As stated earlier, not all poles have been plotted in the figure below as some are much larger in magnitude. Poles and Zeros for both responses are summarised in the table below.

 NO Response Poles $$-1.075 \times 10^{4}$$ $$-0.030$$ $$-0.030$$ $$-1.060 \times 10^{-4}$$ NO Response Zeros $$1.075 \times 10^{4}$$ $$-0.030$$ $$-0.030$$ $$-1.000 \times 10^{-4}$$ Adenine response Poles $$-50.656$$ $$-0.474$$ $$-0.474$$ $$-0.262$$ Adenine response Zeros $$-50.656$$ $$-50.000$$ $$-0.656$$ $$-1.000 \times 10^{-4}$$ Figure 3 - Argand Diagram showing poles and zeros for both of the reaction pathways

It could clearly be seen from the table and figure that all poles are real and negative which means the response of the system would be stabe and the transient part of the response will always decay exponentially without any oscillation or uncontrolled growth. This conclusion is crucial for our engineered E.coli as this would mean the combined model of body and E.coli would interact in a controlled way rather than a chaotic uncontrolled manner. Hence, the only remaining worry one might have would be the steady state error as the model tries to reach the healthy concentration of IL10. This issue is addressed later on the page.

The Frequency Domain Analysis confirmed our initiative that the use of control theory ideas and negative feedback in our design would indeed stabalise the system and has a large scope for future applications.

## DC Gain and Steady State Error

The steady state error could be easily found using the cascade compensation model demonstrated earlier and the Final value Theorem(FVT). The steady state error would be $$\lim_{t\rightarrow \infty} e(t)$$ which coupled to FVT could be written as $$\lim_{s \rightarrow 0} sE(s)$$, where $$E(s)$$ is the Laplace transform of the error. $$E(s)$$ could be written as follow.

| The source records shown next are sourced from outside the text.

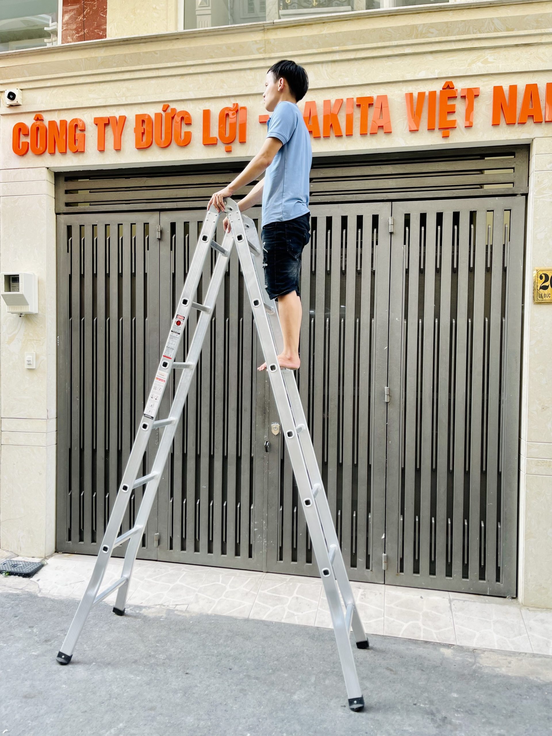 Kiểu dáng: Thang nhôm chữ A có khóa tự động đa năng, vừa sử dụng chữ A, vừa có thể duỗi thẳng chữ I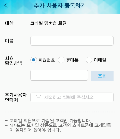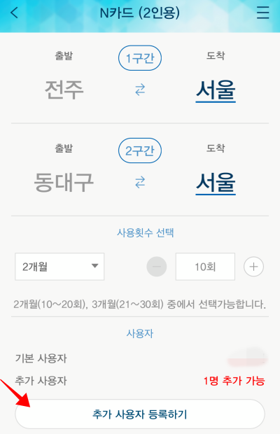 2인용 N카드 구매 시에는 같이 사용할 추가 사용자를 등록해야 합니다.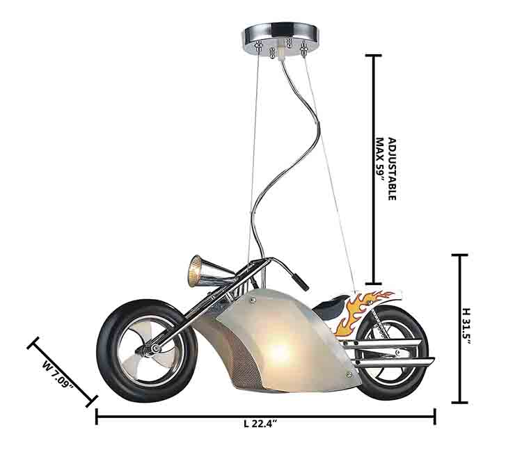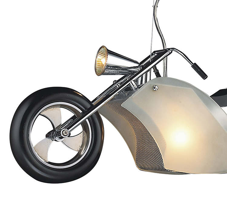 A MOTORCYCLE LIGHT FIXTURE WITH A FROSTED GLASS SHADE & CHROME HARDWARE

$$E(s) = \frac{1}{1+G_i(s)F_i(s)}R(s) \; , \; R(s) = \frac{C}{s} \quad C \in \mathbb{R}$$ $$FVT \, :\quad \lim_{t\rightarrow \infty} e(t) = \lim_{s \rightarrow 0} sE(s)$$ $$\therefore \; \lim_{t \rightarrow \infty} e(t) = \lim_{s\rightarrow 0} \frac{1}{1+G_i(s)F_i(s)}$$

By substituting back Transfer functions for both E. Coli,$$G_i(s)$$, and the body,$$F_i(s)$$, the steady state error can be found as follows:

• For NO response $$\lim_{t\rightarrow\infty} e(t) =-2.9501\times10^{-4}$$.
• For adenine response $$\lim_{t\rightarrow\infty} e(t) = -2.1912\times10^{-3}$$.

It is evident that the combined model has a very small DC gain and hence, a very small margin of error is estimated for the steady concentration of IL-10.